Probate litigator Stephen P. Heuston of Frese, Hansen, Anderson, Anderson, Heuston & Whitehead, P.A., in Melbourne, Florida, was on the winning side of Belanger v. Salvation Army, 2009 WL 223884 (11th Cir.(Fla.) Feb 02, 2009), a high-profile case that received a good amount of press (and I wrote about here and here).  I invited Mr. Heuston to share some of the lessons he drew from this case with the rest of us and he was kind enough to accept.

[Q]  Looking back, what strategic decisions did you make in this case that were particularly outcome determinative at the trial-court level? On appeal?

[A]  The plaintiffs chose to bring the action in Federal District Court so all argument was done by written pleadings. The order from the trial court was on The Salvation Army’s Motion to Dismiss, which was our first pleading filed. The point being there was very little strategic decision making due to how early we were in the process. On appeal The Salvation Army presented basically the same arguments as set forth in their Motion to Dismiss. Because the case presented an issue of first impression (the interpretation of Florida’s pay-on-death statute 655.82 as to whether a charity is a permissible beneficiary) the 11th Cir. Court of Appeals heard oral arguments. Arguments made by both parties were consistent with their written briefs.

[Q]  Do you think this case will have lasting repercussions in terms of how POD accounts are used in Florida or how charities do business in Florida?

[A]  Very much so. I had many charities and the Florida Bankers Association and the International Florida Bankers Association who were following this case closely. Charities were obviously concerned because this was an inexpensive means for donors to make gifts at death. There are no legal fees or other transaction costs to set up a POD account naming a charity as a beneficiary on a bank account. There are no records kept on how much money is transferred to charities by means of POD accounts but I have been told by several charities that if donors were not able to use POD accounts to name a charity that it would have a significant negative impact on charitable fundraising. Additionally, the banks were concerned because if Florida law was interpreted to have not allowed charities to be a permissible POD beneficiary the banks were concerned about liability for having paid out to charitable POD beneficiaries since the Florida POD statute became effective in 1995. Additionally, the Florida statute was derived from the Uniform Nonprobate Transfers on Death Act, which has been adopted in some version by 48 states. A negative interpretation of the Florida statute could have had an impact on similar statutes in other states, possibly impeding this popular form of charitable giving in other states.
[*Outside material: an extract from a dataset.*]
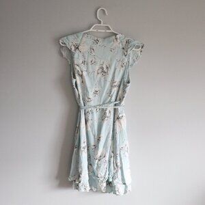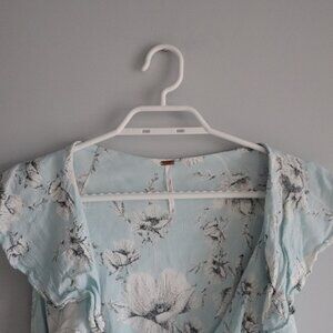 Free People Womens Blue Sz L French Quarter Mini Floral Wrap Sleeveless Dress
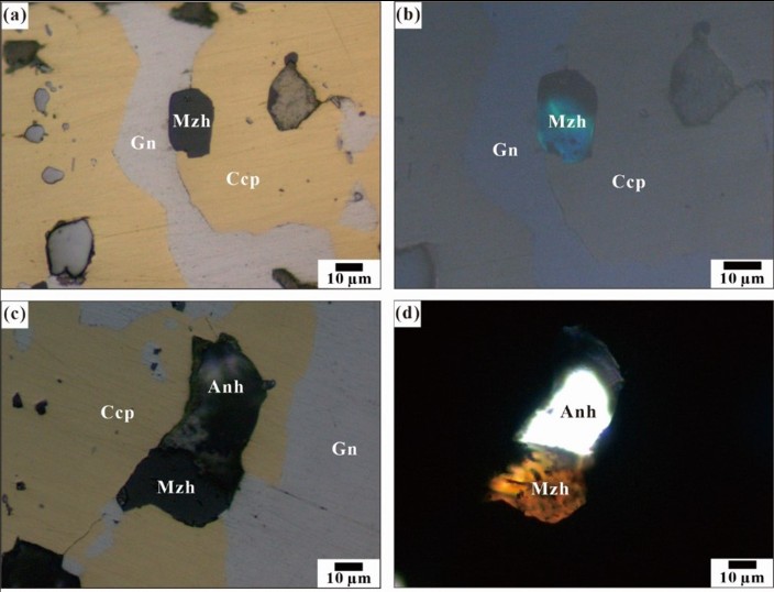 图1 梅州天蓝石的显微照片,注:Mzh—梅州天蓝石。

[Q]  From your perspective as probate litigator, do you think there’s anything that could have been done in terms of estate planning to avoid this litigation or at least mitigate its financial impact? 

[A]  Difficult to say. A similar bequest by will or trust would have been more costly to set up and could have still been challenged on other grounds by the decedent’s children. One possibility would have been for the decedent, Mr. Belanger, to explain to his two children that is was his intent to leave the POD bequest to the charity and explain why he was doing so. Many challenges to bequests to charities result from the shock to the children who were unaware of their parents charitable intent. Many children in those situations feel hurt and become suspicious of the charity and its involvement in procuring the bequest. If the parent can explain to the children the purpose and reasoning for the charitable gift then this can often times eliminate or at least reduce the hurt that might otherwise result from finding out only after the parent has died.

[Q]  Any final words of wisdom for probate lawyers of the world based on what you learned in this case?

[A]  When representing charitable organizations the probate litigation attorney should advise the charity to not be intimidated by the legal process. If the facts and law favor the interest of the charity then the charity should do a cost-benefit analysis to determine if defending their interest and upholding the intent of the donor is justified. If it is justified then the charity should persevere during the legal proceeding and continue for as long as it makes economic sense. It is often times left to the charity to defend the charitable intent of the decedent. There are many in the probate process or trust administration who may attempt to frustrate the intent of the decedent, e.g. disgruntled children or other family members, and it is often advisable for the charity to defend against legal actions that impede the decedent’s charitable intent.